SPECjbb2000 Benchmark (Java Server benchmark) was used to evaluate performance of a four processor system with 8 logical processors (P0 . . . P7), wherein SS=Second Sector, and HW=Hardware Pre-fetch, and tpm=transactions per minute (higher is better). Performance for the system running SPECjbb2000 under each of the four possible settings is described below.
1. HW:off SS:off yielded 62,881 tpm (−8%)
2. HW:off SS:on yielded 67,862 tpm (best performance)
3. HW:on SS:off yielded 63,639 tpm. (−6%)
4. HW:on SS:on yielded 66,065 tpm (−1%)
Referring next to
It should be appreciated that these threshold values may be determined by a user of system 200 based on the user's knowledge of system performance, or some other user preference. While some embodiments provide for factory set threshold values to be held in registers/counters 212, a preferred embodiment employs user designated threshold values.
These threshold values may be associated with various processor performance metrics, such as front-side data bus (FSB) throughput, bus sequencing unit (BSQ) latency, FSB latency, FSB average queue depth, BSQ average queue depth, the threshold values may be related to MESI (Modified Shared Exclusive Invalid) data for various cache levels. So, for example, the threshold values may be related to second level (L2) cache load-and-store miss ratios, L2 cache hits shared ratio, L2 cache hits exclusive ratio, L2 cache modified ratio, third level (L3) cache load-and-store miss ratios, L3 cache hits share ratio, 3M cache hits exclusive ratio, L3 cache modified ratio, transactions per minute, and/or response time for new orders. For example, counters in registers/counters 212 may be used to count the number of cache transactions associated with cache 220 that occur during a one minute period. Likewise, when cache commands are sent to cache 220, the time it takes to complete the cache transaction can be measured, recorded in registers/counters 212, and the average response time for completion of the transactions determined.
In these examples, if a threshold value set by a user indicates that second sector pre-fetch should be disabled when the number of transactions per minute exceeds a desired value, registers/counters 212 can provide both the threshold value and the number of counts to cache controller 214, which compares the user threshold value to the number of transactions per minute. Cache controller 214 may generate a signal indicating that second sector pre-fetch should be disabled based on its comparison. So, for example, if cache controller 214 determines that second sector pre-fetch should be disabled, processor 210 may send a control signal to cache 220 disabling the second sector pre-fetch.

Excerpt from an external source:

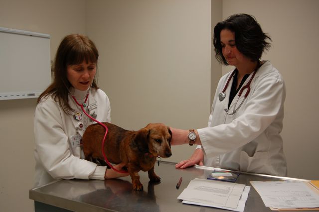 Callie and I left the ranch early this morning and headed to Pullman, Washington, to see specialists at the WSU veterinary teaching hospital for her brain tumor. In the photo above, veterinary oncologist Dr. Janean Fidel is listening to Callie's heart during the initial exam, along with 4th year vet student Jen K. Dr. Fidel later brought in Dr. Annie Chen, a neurologist, for Callie's consultation.

In other embodiments, processor 210 may notify memory 240 that second sector pre-fetch is to be disabled, thereby causing memory 240 to supply only the first sector of data or instructions to cache 220 rather than supplying both the first and second sector of data or instructions. Additionally, cache controller 214 may reset, or change the values in register/counters 212, particularly the values indicating that hardware pre-fetch or second sector pre-fetch are enabled/disabled.
In some embodiments, cache controller 214 may also change threshold values held in registers/counters 212. For example, if processor 210 is capable of implementing three different hardware pre-fetch algorithms, then cache controller 214 may set a value in one of the registers or counters in registers/counters 212 indicating which type of hardware pre-fetch is to be enabled or disabled. Cache controller 214 may also change a threshold value at which processor 210 switches over from using a first type of hardware pre-fetch algorithm to a second type of hardware pre-fetch algorithm. In some embodiments, threshold values set by a user may not be changed by cache controller 214 unless specifically permitted by a user.
Consider another example of the operation of system 200 according to an embodiment of the present disclosure. Assume for purposes of this example that a user has specified that hardware pre-fetch and second sector pre-fetch are to be enabled initially, but second sector pre-fetch is to be disabled whenever the front side data bus throughput drops by more than 10% of maximum. Initially, when processor 210 initiates a hardware pre-fetch of data or instructions into cache 220, data or instructions will be pre-fetched into both first sector 221 and second sector 222 of cache line 225.
If the front side bus data throughput falls to less than 10% of its maximum, however, cache controller 214 may send a control signal to cache 220 notifying cache 220 to enter a mode in which second sector pre-fetch is not used. Cache controller 214 may also reset one or more values stored in registers/counters 212, e.g. an enable bit, to indicate that second sector pre-fetch has been disabled. In such a case, data or instructions sent from memory 240 to cache 220 would only be delivered for the first sector 221 of cache line 225.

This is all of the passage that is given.